Audiobook Review: Tequila Mockingbird by Rhys Ford

Tequila MockingbirdStory Rating: 4.5 stars
Audio Rating: 4.5 stars

Narrator: Tristan James
Length: 9 hours, 11 minutes

Audiobook Buy Links: Audible
Book Buy Links: Amazon | All Romance


Lieutenant Connor Morgan is good at his job with the SFPD SWAT division. He has a vision for his life that involves emulating his father and his plan is to find a good woman, get married, and have a family. Falling in love with a man doesn’t fit into that plan.

When the aftermath of an on-the-job explosion brings Forest Ackerman into his life, Connor’s world visibly shifts. The sexy, blonde haired man brings something out in Connor that he never let himself explore since it wasn’t part of his life plan.
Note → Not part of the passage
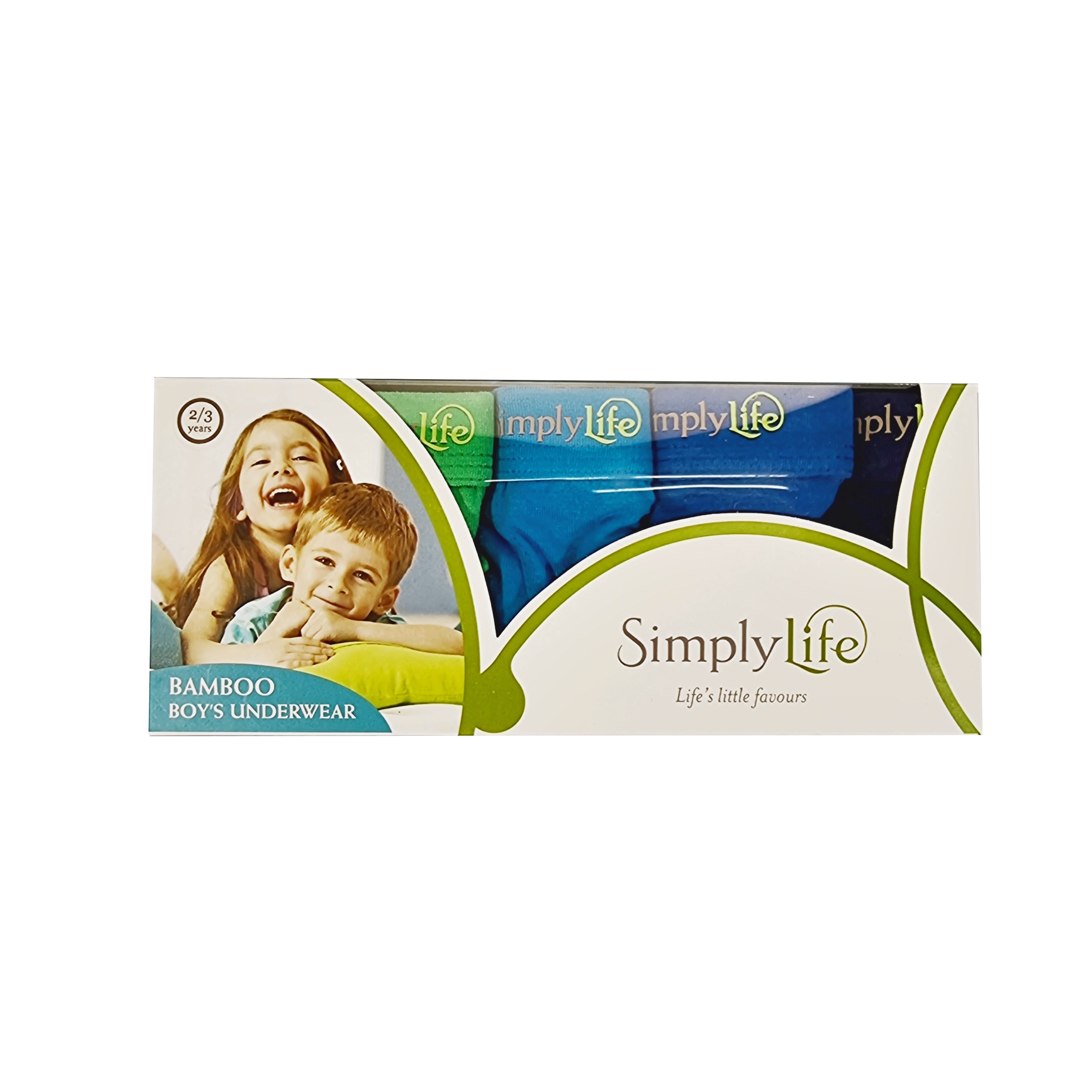 Simply Life Boys Briefs - 5 colours per set - 180 gsmThe naturally hypoallergenic bamboo fabric cares for your child's sensitive skin, keeping them happy and radiant! Perfect for the tropical and humid weather. Double stitched for durability with soft seams for greater comfort! Amazing Benefits of Bamboo ✔️ OEKO-TEX® Standard 100 Certified✔️ Hypoallergenic, Anti-fungal & Anti-bacterial✔️ Breathable & thermoregulating (cool in warm surroundings & warm in ✔️ colder temperatures)✔️ Wicks water four times faster than cotton & does not stick to skin✔️ Ultra soft & easy to care for[ Made from 95% Bamboo Viscose, 5% Spandex ]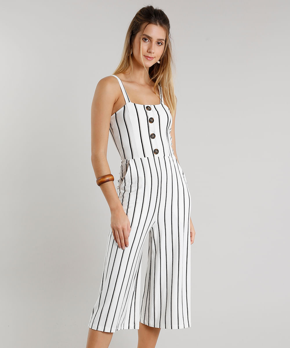Macacão feminino confeccionado em malha com elasticidade. O modelo se destaca pela estampa listrada em preto e kaki. Tem recorte com elástico embutido na cintura. O decote é redondo e as alças são médias. A parte frontal tem botões decorativos e dois bolsos. Tem forro em malha no busto.

Yet, he can’t stop thinking about Forest and finds himself visiting the coffee shop Forest owns and finding reasons to check up on him.

Forest has had an incredibly rough life with a mother that prostituted him and alternately lived on the streets. Then a chance meeting with a generous man got Forest off the streets for good. While his adopted father offered food and shelter, Forest has never had the kind of love that he so intimately craves. When Forest sees Connor, he knows that being attracted to a straight guy will eventually crush him, but Connor keeps showing up. And it’s a good thing as someone is targeting Forest and who better to save Forest than a strong cop. As the danger mounts, so do the feelings between the men and Connor’s main priority is protecting Forest and their future together.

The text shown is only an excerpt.